For reverse ISE in Table 3, the highest DC value for NiCSi is given by the EXP model, while the N-G-Fs model provides the maximum DC value for TC4 and the N-G-A model forecasts the maximum DC value for PED Ni. Moreover, when the indentation depth is very small, it can be noted in Table 3 that N-G-YC mode fits the data of NiCSi and PED Ni with high DC values (0.9314 and 0.9835), but it predicts exactly opposite trend compared to the experimental data [see in Figure 3a,b,e,f]. This means that the DC alone cannot fully assess the accuracy of models’ predictions, and the comparison of test data with models’ predictions should be analyzed.

For the transition of normal to reverse ISE in Table 3, the N-G-YC model has the highest value of DC for ZrO₂. One can see that the maximum DC of Cu is obtained by using the N-G-Fs and N-G-H models. The maximum DC of Y₂O₃-ZrO₂ determined by the N-G-H model is 0.9206.

In addition, the mean DCs of the sixteen ISE models are calculated and given at the right of Table 3. It can be seen that the mean DC=0.92060 of the N-G-Fs model is the maximum among the sixteen ISE models, followed by the N-G-H model. It is obvious that a better correlation is obtained by using the N-G-Fs and N-G-H models, but they cannot accurately predict the reverse ISE. Therefore, it can be concluded that the N-G-Fs and N-G-H models should be modified to accurately predict the reverse ISE.

5. Conclusions

In this paper, through applying the sixteen ISE models to predict the three types of ISEs, namely, normal ISE, reverse ISE and transition of normal to reverse ISE. The following conclusions can be drawn.

For the normal ISE, it can be found that the predicted ISE curves of H-J, N-G-A and N-G-Qs models agrees well with the experimental or simulated data. The reason is that friction stress that is not related to dislocation activities takes into account has been introduced into these models. N-G-Fs and N-G-H models also can accurately predict the normal ISE. The reason for this is that the N-G-Fs model considers the gradual expansion of the plastic zone as indentation depth decreases, while the N-G-H model assumes an increase in the number of dislocations in the effective plastic zone as the hⁿ increases. On this basis, it can be concluded that the friction stress that is not related to dislocation activities and the indentation size effect of plastic zone are critical to accurately predict the three types of ISEs. Therefore, these two factors should be considered in future models.

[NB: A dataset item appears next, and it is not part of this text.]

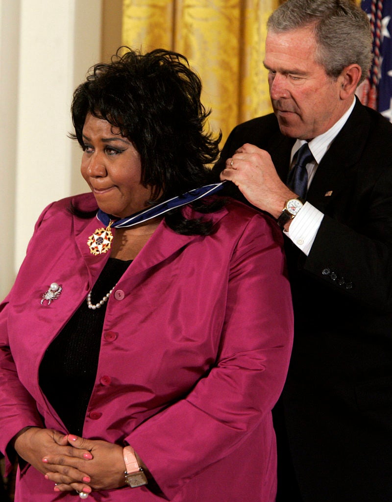 Aretha Franklin received a Medal of Freedom from then-President George W. Bush in Washington, D.C. on November 9, 2005.

The sixteen ISE models are originally proposed to describe the normal ISE of different materials. However, to our surprise, some of these models are able to capture the reverse ISE and the transition of normal to reverse ISE of different materials. The DCs of the sixteen ISE models are also determined for different materials. For reverse ISE, the highest DC value for NiCSi, TC4 and PED Ni are given by the EXP, N-G-Fs and N-G-A models, respectively. For the transition of normal to reverse ISE, the N-G-YC, N-G-Fs, and N-G-H models produce the maximum DC for ZrO₂, Cu and Y₂O₃-ZrO₂, respectively. Moreover, the mean DC of the N-G-Fs model is the maximum among the sixteen ISE models, followed by the N-G-H model, but they cannot accurately predict the reverse ISE. Therefore, it can be concluded that the N-G-Fs and N-G-H models should be further modified to accurately predict the reverse ISE.